Thursday, February 17, 2011

5 Reasons Why People Drop Like Flies From Your Email List

It's a bad sign when my Blackberry sends me alerts that I'm running low on memory. I can thank my in-box for sucking up space. As a result, I went through my in-box and cleaned out old emails. Not only did I delete emails, but I unsubscribed from email lists that just didn't do it for me anymore. 

As I hit the"unsubscribe" button, I thought about why I wasn't interested in their newsletters (besides taking up space in my in-box). How did these companies lose my interest, and why did I opt-out? As a copywriter, I write email copy on a regular basis for my clients, and I've learned what "not to do" by reviewing these not-so-hot emails that flood my in-box. 

I recently unsubscribed from Copyblogger's list. As a copywriter, I felt like they were missing the mark and their content had fallen flat. It's too bad beause I was a long time fan who enjoyed reading their blog. Be careful what kind of content you include in your emails. You can't please everyone, but the last person you want to turn off or insult is your targeted readers. 

Here are my top 5 reasons why people drop like flies from your email list. When people unsubscribe from your lists, realize that you just lost a potential (or even a regular) client. It might be time to review your email campaign strategy if you are losing subscribers right and left. 

#1 - You bombard people with too much spam disguised as "specials and deals." Emails should contain 95% valuable content and 5% sales pitch. If you bombard people with a spam-a-lanche of sales pitches, you can say good-bye to your subscribers (and you will probably end up in the spam round can - a place you don't want to be).

#2 - You send too many emails per week. This is my biggest pet peeve - when companies inundate me with too many emails in one week. Less is more. If you do send emails on a regular basis, allow subscribers to make that choice when they want to receive your emails (i.e. daily? weekly? monthly? quarterly?)

#3 - Your emails contain irrelevant, useless information that does not help your target market, customers, etc. This is one of the BIGGEST reasons I opt out of email lists. I also can't stand emails that talk down to me, have too much jargon or are filled with so much copy and images that I become dizzy just looking at the email.

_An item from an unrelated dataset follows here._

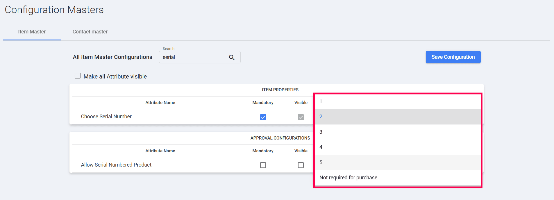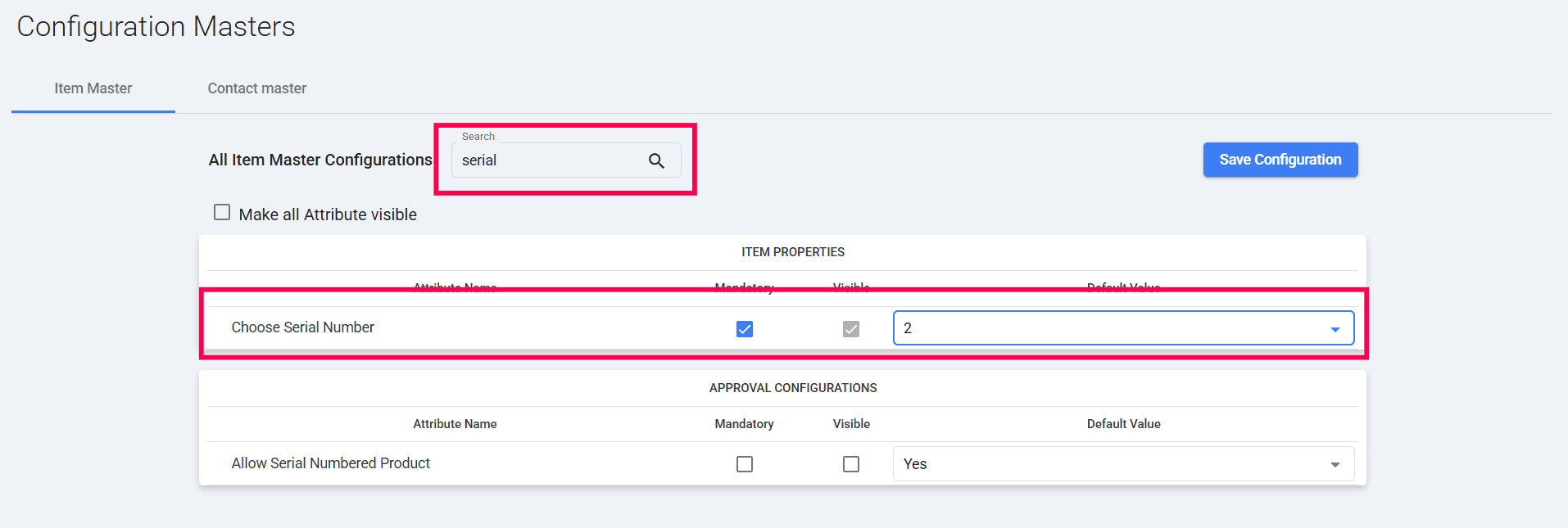 Search for the keyword "serial" in the All-Item Master Configurations search bar.

#4 - You forgot to include a call to action or you have too many calls to action in one email. What the heck do you want people to do as a result of reading your email? A big email faux pas is including too many calls to action in one email. Don't ask people to call you AND go to your landing page to fill out a form - pick one or the other. When you have too many calls to action in one email, you confuse people and they won't take any action at all. Give them a reason to want to find out more about your products and services.

#5 - Your email copy is boring. When I read emails that sound like a "monotone" sales letter or a PhD dissertation (i.e. lackluster headlines, bunched up, rambling copy lacking bullet points, lists, etc.), those emails are the first ones I delete.

For social media users, ASK people's permission first before you send them your newsletter or include them in an email campaign- this is just professional courtesy. I've received random emails from people that found my email via my social media accounts (those emails immediately went into my spam list). Build viable relationships with your social media connections (LinkedIn, Facebook, Twitter, etc.).

Don't use social media as a platform to advertise or sell - that's not the purpose behind social media. Be considerate and don't spam the heck out of everyone that you meet via social media. Spam and hard sales email blasts are a sure fire way to lose social media followers, and they will put you on their "blocked" lists.

So remember these simple email don'ts  - don't spam or push sales pitches down people's throats. DO share valuable content that will help people - emails are a great way to share your expertise and knowledge but don't use emails as your personal soapbox either. Be creative and fun - include contests and giveaways to attract and retain your email subscribers. Don't be BORING! 

What creative techniques have you used for your email campaigns? How did you build a solid email list? Please share your feedback, tricks and tips!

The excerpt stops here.